Качество, реально дешево
Час судьбы
Роман
ГЛАВА ПЕРВАЯ
Сейчас он, пожалуй, не сказал бы, о чем именно думал, глядя на эти горные хребты. Белое солнце Пиренеев слепило, терпкий дух исходил от чахлой травы и раскаленных утесов; зной обжигал глаза, отяжелевшие веки ныли, а взгляд, словно удирающий от ястреба голубь, метался над корявыми сосенками и запыленными кустами терновника, над красными крышами домишек, уютно расположившихся в долине, над поблескивающей прохладным серебром рекой. Глаз стремился объять как можно больше, даже то, что скрывалось за зубчатой каменистой стеной гор на горизонте. И всплыло воспоминание многолетней давности, между далеким прошлым и этим днем протянулись ниточки, но они путались и рвались. И тогда мелькнула мысль, будто молнией прорезавшая душную мглу: поскорей бы вернуться домой!
«Я хочу домой...»
Что же все-таки напомнило о доме? Почему тоска по нему, казалось, нараставшая с детских дней, пронзила сейчас не только сердце — обожгла все тело?
«Я хочу домой...»
— Саулюс!
Голос прилетел от бетонной стоянки автомобилей, растворился в мерцающем воздухе. Чужой голос, произнесший его имя. Ведь оставалось одно лишь слово, заслонившее все другие,— «домой!».
«Я хочу домой...»
— Саулюс, поехали!
Он сделал шаг в сторону, медленно повернулся.

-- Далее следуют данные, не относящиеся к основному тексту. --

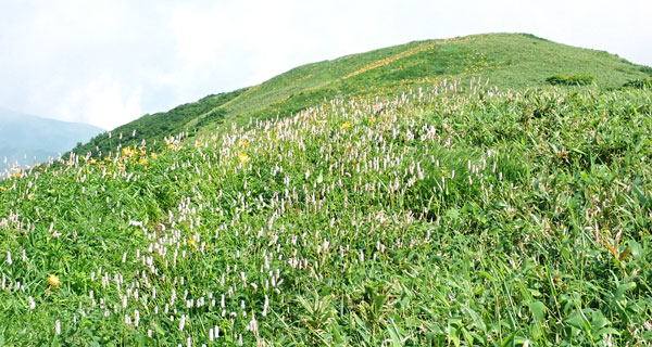 この尾根のニッコウキスゲは終盤で、入れ違いにイブキトラノオが林立。

Все уже сидели в автомобиле. Саулюс устроился рядом с Беатой.
— «Я хочу домой...»,— сказал он по-литовски. Никто не понял; Беата покосилась на него с любопытством, тронула за руку. Руку Саулюс отнял; когда заворчал двигатель, посмотрел в окно и прочитал надпись на белой стене дома. Он вспомнил, что купил сувенир, безделушку. Достал из кармана пестрый бумажный мешочек с миниатюрной каравеллой, поставил ее на ладонь. И так ехал, глядя на нее, как на игрушку ребячьих лет.
Саулюс сжал пальцы, острые мачты и надутые ветром металлические паруса каравеллы вонзились в ладонь. Но боли он не почувствовал...

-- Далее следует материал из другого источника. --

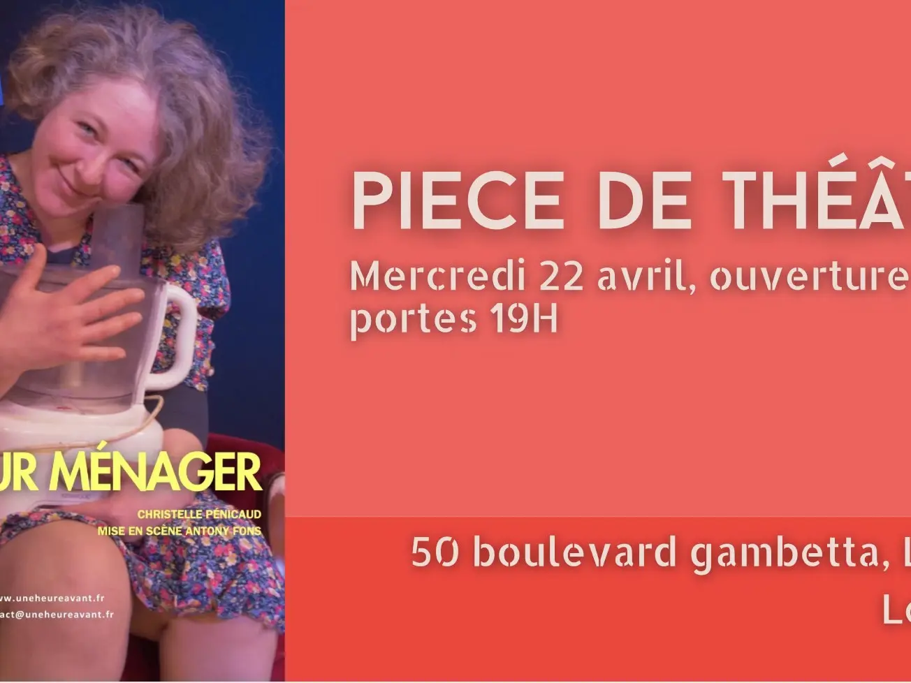 Venez vivre un moment de théâtre avec la pièce "Bonheur Ménager", organisée par l'association Une Heure Avant. Une soirée ouverte à tous, avec entrée prix libre, pour partager ensemble un instant de culture et d'émotion.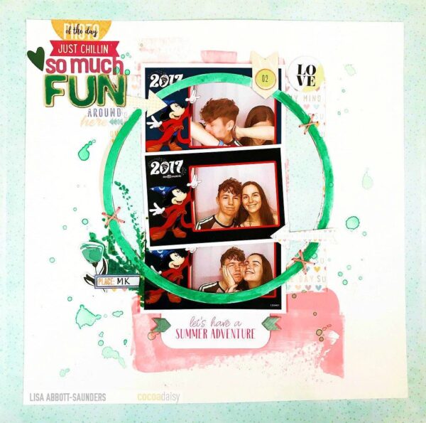 I love how Lisa stitched the big circle! Here is what Lisa said: “I love a sketch. I always see a sketch as a starting point. I used a set of 3 photos instead of the 1 square in the centre and I added a circle around the outside. My little cluster on the top left replaces the bunting on the right and that big splodge on the sketch I splashed around some paint after I’d painted my alphas and my circle.”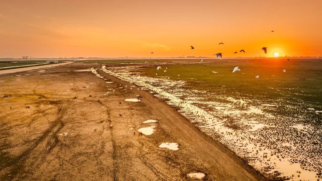 5点的天际,朝阳带着光辉跃出地平线,白鹭于湿地与天空间欢舞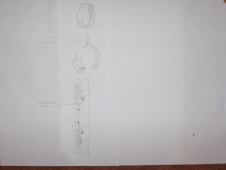 Так как процес монтажа не имел возможности запротоколировать, поэтому нарисовал эскиз идеи (Фото 21). Прикручиваем обычных хомут как на рисунке, вставляем трубку и затягиваем хомуты.

Не раз он ездил по Советскому Союзу и зарубежным странам — проводил в поездках по месяцу, а то и больше, но никогда еще так остро не скучал по дому. Самое странное, что это случилось с ним в час, когда реальность опередила мечту,— ведь он никогда не надеялся увидеть Пиренеи, окинуть взором эту каменистую страну, о которой ему было известно не только из книг. Еще ребенком он узнал: «Здесь люди бедствуют, но крови они горячей и все как один сражаются за Республику...» Подростком Саулюс, тайком достав из маминого сундука письмо, прочитал эти слова, и далекая жизнь показалась ему сказкой. И вот сейчас они снова мелькнули в памяти, когда он оказался лицом к лицу с этими горными хребтами, с Испанией. Подумал, что надо бы сделать хоть несколько набросков, но не мог оторвать взгляда от гор, да и слишком уж он был взбудоражен. А поздним вечером, валяясь в изнеможении в номере «Континенталя» и не засыпая, решил, что это стремление домой — не что иное, как желание побыстрее засесть за работу. Подумал и о Дагне. Соскучился; казалось, он в чем-то провинился перед ней; наверно, мало уделяет внимания, слишком часто закрывается у себя в мастерской, не находит минуты, чтобы поговорить по-человечески, просто посидеть вместе. С друзьями и то больше времени проводит. Конечно, виноват; вернется — все начнет сначала. Почему — все сначала? Он испугался этой мысли. Но ведь начнется новый этап и в его творчестве и в жизни. Саулюс верил в это. Да, новый этап! Должен же он быть хоть когда-нибудь. Революции, перевороты потрясают не только государства, но и людей. Саулюсу казалось, что этот час уже близок. Неизбежно дрогнет фундамент крохотного государства его «я». Он снова вспомнил жену, так отчетливо увидел, что захотелось лечь с ней на эту широкую кровать из черного дерева. Перед глазами мелькнула Беата. За последние три дня она стала на удивление близкой, словно он знал ее давно и сюда ехал лишь для того, чтобы встретиться с ней. Почувствовал жаркое прикосновение руки Беаты, ее лукавый взгляд. Забыться... Хоть на минутку забыться. И снова подумал о жене...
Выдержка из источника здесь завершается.